Ensemble filename and stoch restart fixes#409

Merged
alperaltuntas merged 3 commits intoNCAR:dev/ncarfrom
alperaltuntas:restart_file_fixes
Mar 12, 2026
Merged

Ensemble filename and stoch restart fixes#409
alperaltuntas merged 3 commits intoNCAR:dev/ncarfrom
alperaltuntas:restart_file_fixes

Conversation

@alperaltuntas
Copy link
Copy Markdown
Member

@alperaltuntas alperaltuntas commented Feb 27, 2026

This PR brings in the following changes:

  • Fix stoch restart file handling:
    • append ensemble instance suffix in multi-instance runs
    • add r_stoch file(s) to CESM rpointer files.
  • Introduce append_ensemble_appendix: To eliminate code duplication, this commit introduces append_ensemble_appendix, a routine to append the ensemble appendix to i/o filenames. If provided,
    the appendix is appended after the last occurence of ENSEMBLE_APPENDIX_PREFIX,
    a new runtime parameter (initially called RESTARTFILE_APPENDIX_PREFIX).

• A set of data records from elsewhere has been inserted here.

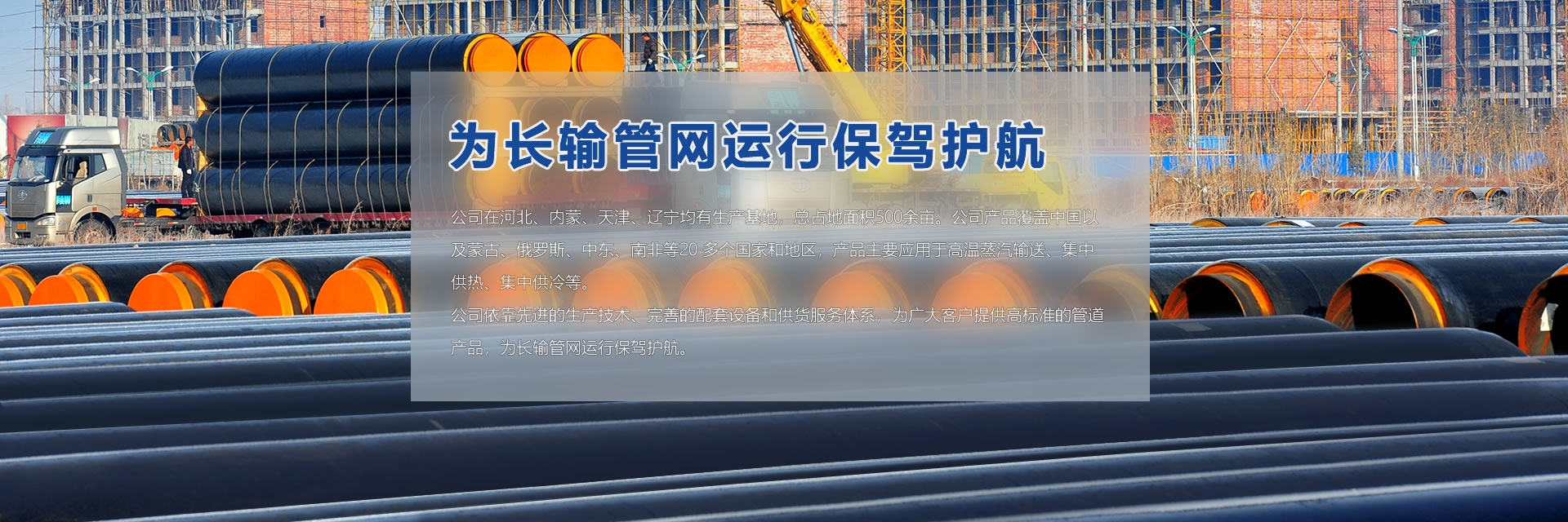 公司在河北、內(nèi)蒙、天津、遼寧均有生產(chǎn)基地,總占地面積500余畝。公司產(chǎn)品覆蓋中國以及蒙古、俄羅斯、中東、南非等20 多個國家和地區(qū),產(chǎn)品主要應(yīng)用于高溫蒸汽輸送、集中供熱、集中供冷等。 公司依靠先進(jìn)的生產(chǎn)技術(shù)、完善的配套設(shè)備和供貨服務(wù)體系,為廣大客戶提供高標(biāo)準(zhǔn)的管道產(chǎn)品,為長輸管網(wǎng)運(yùn)行保駕護(hù)航。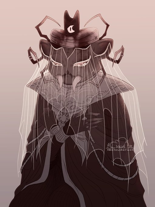 (CW:multiple eyes) - Extra doodle with Shamura grieving. Their "web-eyelashes" are made out of their sticky tears, so the more are shed the longer they get. - #CultoftheLamb #cultofthelambfanart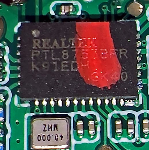 Рассказывая про прошлую версию, Вадим Боков делал особый акцент на том, что в ходе доработки прототипа «плохой китайский чип» был заменен на более «продвинутый» производства Realtek. В этот раз разработчики почему-то застеснялись использованного чипа и решили скрыть маркировку. Но сделали это как-то без особого усердия, мазок краски совершенно не помешал нам убедиться, что используется всё тот же Realtek RTL8753BFR.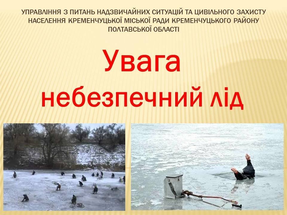 Управління з питань надзвичайних ситуацій та цивільного захисту населення Кременчуцької міської ради Кременчуцького району Полтавської області попереджає про небезпеку на тонкому льоду.

This PR is part of a series of PRs to fix various interrelated restart/multi-instance/hybrid run issues alongside: ESCOMP/FMS#8
ESCOMP/MOM_interface#311
ESMCI/cime#4944

To eliminate code duplication, this commit introduces append_ensemble_appendix,
a routine to append the ensemble appendix to i/o filenames. If provided,
the appendix is appended after the last occurence of ENSEMBLE_APPENDIX_PREFIX,
a new runtime parameter (initially called RESTARTFILE_APPENDIX_PREFIX).
- append ensemble instance suffix in multi-instance runs
- add it to CESM rpointer files.
@iangrooms
Copy link
Copy Markdown
Collaborator

Thanks @alperaltuntas for working on this. @kateboden ran a quick test using this PR code; results can be found at /glade/derecho/scratch/kboden/g.e30_a07g.G_JRA.TL319_t232_zstar_N75.2025.SKEB_DA.restart_test/.
Ensemble member 0040 (for example) writes two restarts with names

g.e30_a07g.G_JRA.TL319_t232_zstar_N75.2025.SKEB_DA.restart_test.mom6.r.0054-01-06-00000_0040.nc
g.e30_a07g.G_JRA.TL319_t232_zstar_N75.2025.SKEB_DA.restart_test.mom6_0040.r_stoch.0054-01-06-00000.nc

This is an improvement because previously the stochastic-physics restart file didn't have an instance number at all, but the location of the instance number in the stochastic-physics restart filename is inconsistent with the mom6 restart filename.

The rpointer file is named rpointer.ocn_0040.0054-01-06-00000 and its contents are

g.e30_a07g.G_JRA.TL319_t232_zstar_N75.2025.SKEB_DA.restart_test.mom6_0040.r.0054-01-06-00000.nc
g.e30_a07g.G_JRA.TL319_t232_zstar_N75.2025.SKEB_DA.restart_test.mom6_0040.r_stoch.0054-01-06-00000.nc

So the rpointer file contents are not consistent with the actual restart names. We have not tried to restart from these files yet.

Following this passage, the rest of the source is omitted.